Sementara di sisi lain MUI jaga memfatwakan rokok haram dilakukan untuk anak-anak, wanita hamil, ulama MUI dan merokok di tempat-tempat umum. Sehingga dengan dikeluarkannya fatwa ini umat tidak perlu bingung. Sudah semestinya jika fatwa MUI untuk mengharamkan rokok bagi anak di bawah umur terus mendapat sambutan baik. Namun fatwa ini harus pula didukung adanya aturan tegas dari pemerintah untuk melarang penjualan rokok bagi anak-anak. Diharapkan dengan adanya fatwa ini akan membuat peraturan pemerintah lebih baik lagi. Sehingga anak bisa tumbuh selamat setelah dewasa dan menjadi harapan bangsa. Selama ini posisi anak-anak Indonesia sangat rentan karena dikepung iklan rokok. 

Iklan rokok selalu menawarkan citra jantan dan keren dalam diri seorang perokok. Hal ini membuat anak-anak tertarik untuk mencoba. Saat ini anak-anak sudah mulai merokok sejak usia 7 tahun. Ini karena pengaruh iklan.

Namun sebenarnya, tanpa melihat fatwa pun anjuran dilarang merokok bagi wanita hamil sudah ada dan bisa dilihat pada bungkus-bungkus rokok. Jadi merokok atau tidak, dikembalikan pada individu masing-masing. Jika alasan MUI didasarkan faktor kesehatan, hal itu bisa diterima. Namun jika dilatarbelakangi permasalahan agama, hal ini masih menjadi perdebatan di kalangan ulama sendiri.

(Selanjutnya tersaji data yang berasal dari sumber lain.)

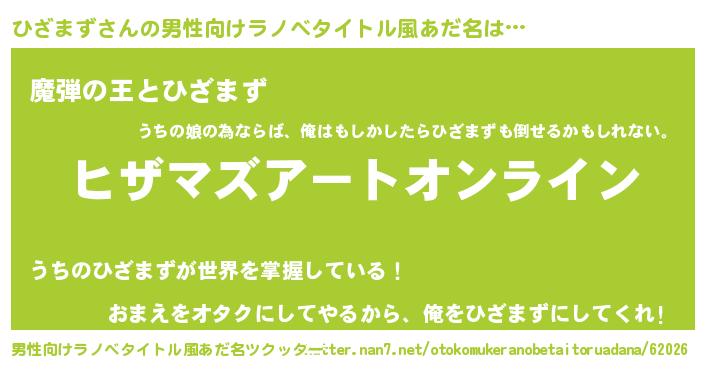 | ヒーロー風カッコイイあだ名 | 『スーパーヒザマズ』『仮面ヒザダー』 |

Sebaiknya kita jangan berprasangka buruk terlebih dahulu terhadap fatwa MUI yang mengharam kan rokok itu, karena setiap fatwa yang telah diputuskan pihak MUI pasti mempunyai tujuan yang baik. Sudah semestinya kita harus mendukung pihak MUI, karena kita juga tidak menginginkan anak-anak yang masih dibawah umur sudah mengkonsumsi rokok dengan bebas atau melihat ibu-ibu yang hamil dengan santainya mengkonsumsi rokok tanpa memperhatikan keadaan janin yang dikandungnya. Hal ini sangat tidak baik dan tidak perlu dicontoh, bukan? Segera matikan saja rokokmu dan sadarlah bahwa hidup tanpa rokok lebih sehat. Wahai ahli hisap sadarlah segera tinggalkan kebiasaan merokok!